**REQUIREMENT:**
Word for word, restate the entries below, but exclude the images.

**DATA TO USE:**
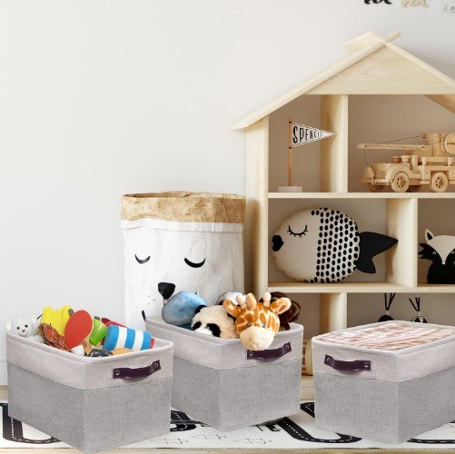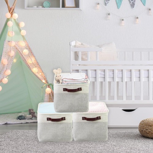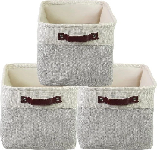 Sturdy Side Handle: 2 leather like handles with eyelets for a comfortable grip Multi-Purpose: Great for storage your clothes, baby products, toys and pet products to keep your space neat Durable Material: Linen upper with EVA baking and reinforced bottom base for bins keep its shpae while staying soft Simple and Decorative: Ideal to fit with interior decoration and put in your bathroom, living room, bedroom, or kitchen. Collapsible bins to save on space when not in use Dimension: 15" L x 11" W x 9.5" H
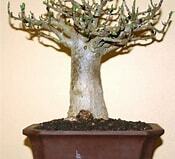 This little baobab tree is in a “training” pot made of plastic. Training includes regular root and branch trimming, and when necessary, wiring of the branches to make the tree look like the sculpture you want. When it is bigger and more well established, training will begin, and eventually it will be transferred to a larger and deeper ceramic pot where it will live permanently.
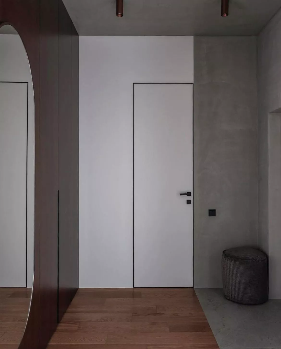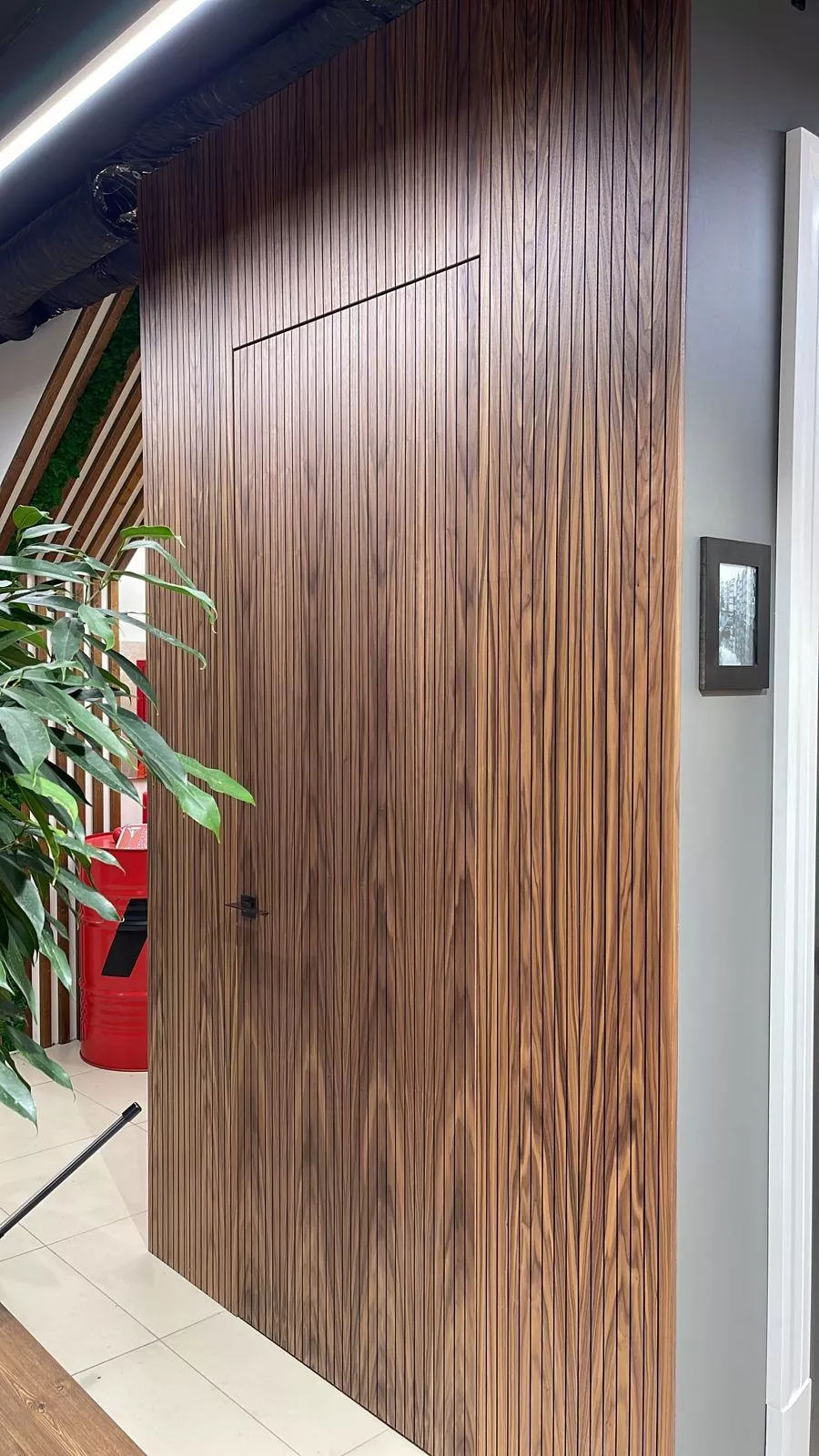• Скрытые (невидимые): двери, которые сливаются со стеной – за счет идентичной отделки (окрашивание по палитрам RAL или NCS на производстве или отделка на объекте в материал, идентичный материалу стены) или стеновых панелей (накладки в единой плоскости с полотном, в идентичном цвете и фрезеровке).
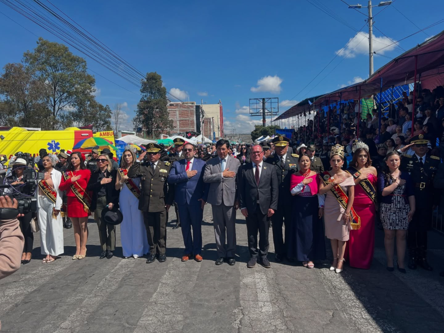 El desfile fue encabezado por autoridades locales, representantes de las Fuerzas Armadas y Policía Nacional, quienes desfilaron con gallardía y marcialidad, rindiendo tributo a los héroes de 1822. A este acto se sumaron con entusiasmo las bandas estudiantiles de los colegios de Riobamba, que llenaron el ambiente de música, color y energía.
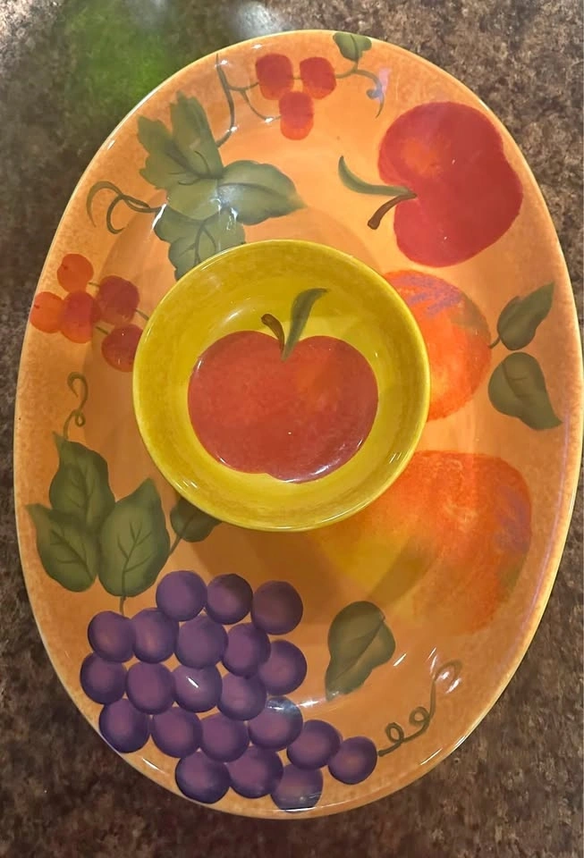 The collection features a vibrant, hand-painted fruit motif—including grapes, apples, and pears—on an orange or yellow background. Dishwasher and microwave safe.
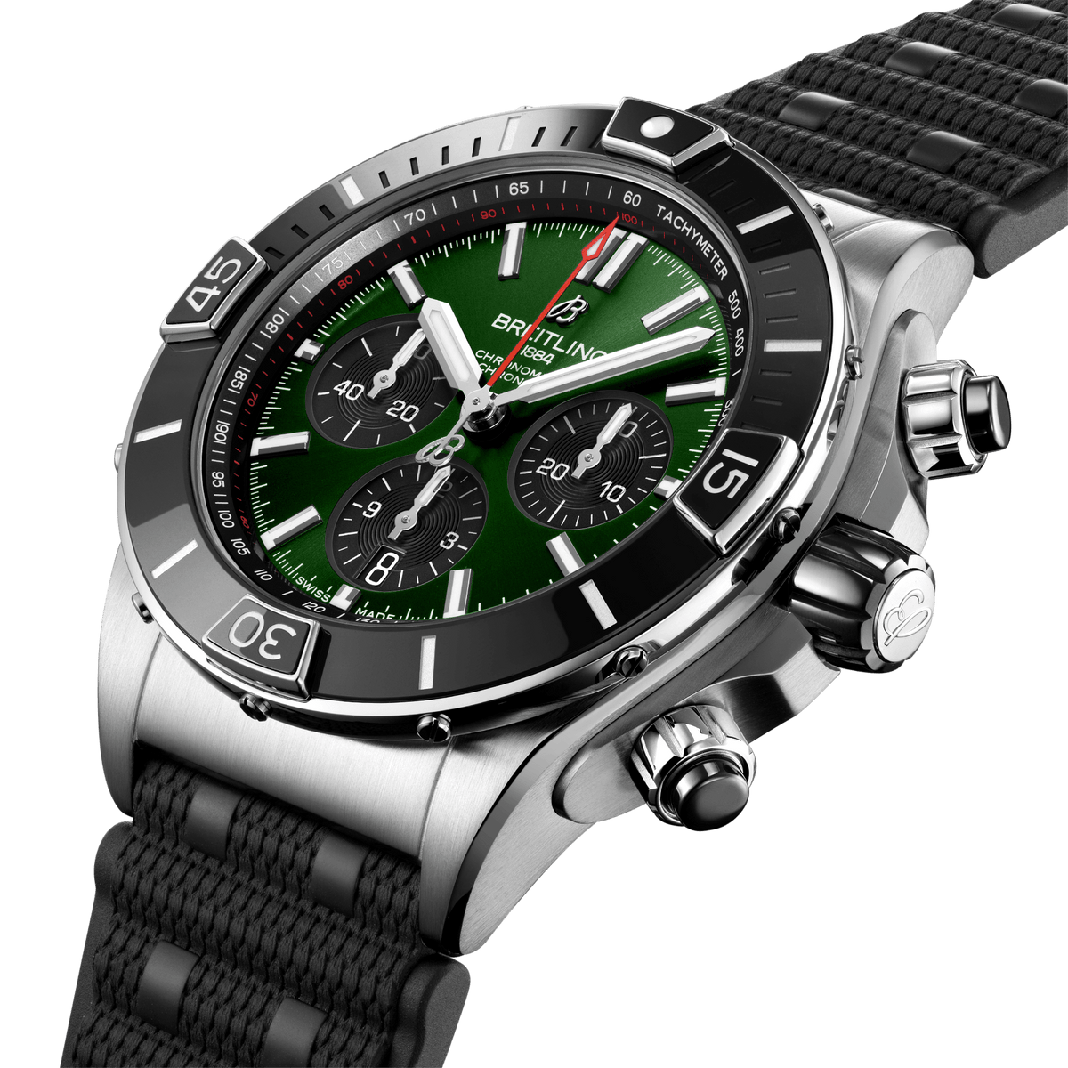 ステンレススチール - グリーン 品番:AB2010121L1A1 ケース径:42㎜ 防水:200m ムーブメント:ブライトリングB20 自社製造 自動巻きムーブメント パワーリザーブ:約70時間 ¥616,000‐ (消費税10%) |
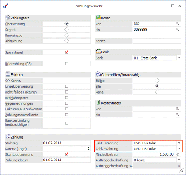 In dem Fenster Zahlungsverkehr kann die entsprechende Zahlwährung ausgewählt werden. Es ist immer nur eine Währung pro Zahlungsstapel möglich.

**RESPONSE BOX:**
 Sturdy Side Handle: 2 leather like handles with eyelets for a comfortable grip Multi-Purpose: Great for storage your clothes, baby products, toys and pet products to keep your space neat Durable Material: Linen upper with EVA baking and reinforced bottom base for bins keep its shpae while staying soft Simple and Decorative: Ideal to fit with interior decoration and put in your bathroom, living room, bedroom, or kitchen. Collapsible bins to save on space when not in use Dimension: 15" L x 11" W x 9.5" H
 This little baobab tree is in a “training” pot made of plastic. Training includes regular root and branch trimming, and when necessary, wiring of the branches to make the tree look like the sculpture you want. When it is bigger and more well established, training will begin, and eventually it will be transferred to a larger and deeper ceramic pot where it will live permanently.
• Скрытые (невидимые): двери, которые сливаются со стеной – за счет идентичной отделки (окрашивание по палитрам RAL или NCS на производстве или отделка на объекте в материал, идентичный материалу стены) или стеновых панелей (накладки в единой плоскости с полотном, в идентичном цвете и фрезеровке).
 El desfile fue encabezado por autoridades locales, representantes de las Fuerzas Armadas y Policía Nacional, quienes desfilaron con gallardía y marcialidad, rindiendo tributo a los héroes de 1822. A este acto se sumaron con entusiasmo las bandas estudiantiles de los colegios de Riobamba, que llenaron el ambiente de música, color y energía.
 The collection features a vibrant, hand-painted fruit motif—including grapes, apples, and pears—on an orange or yellow background. Dishwasher and microwave safe.
 ステンレススチール - グリーン 品番:AB2010121L1A1 ケース径:42㎜ 防水:200m ムーブメント:ブライトリングB20 自社製造 自動巻きムーブメント パワーリザーブ:約70時間 ¥616,000‐ (消費税10%) |
 In dem Fenster Zahlungsverkehr kann die entsprechende Zahlwährung ausgewählt werden. Es ist immer nur eine Währung pro Zahlungsstapel möglich.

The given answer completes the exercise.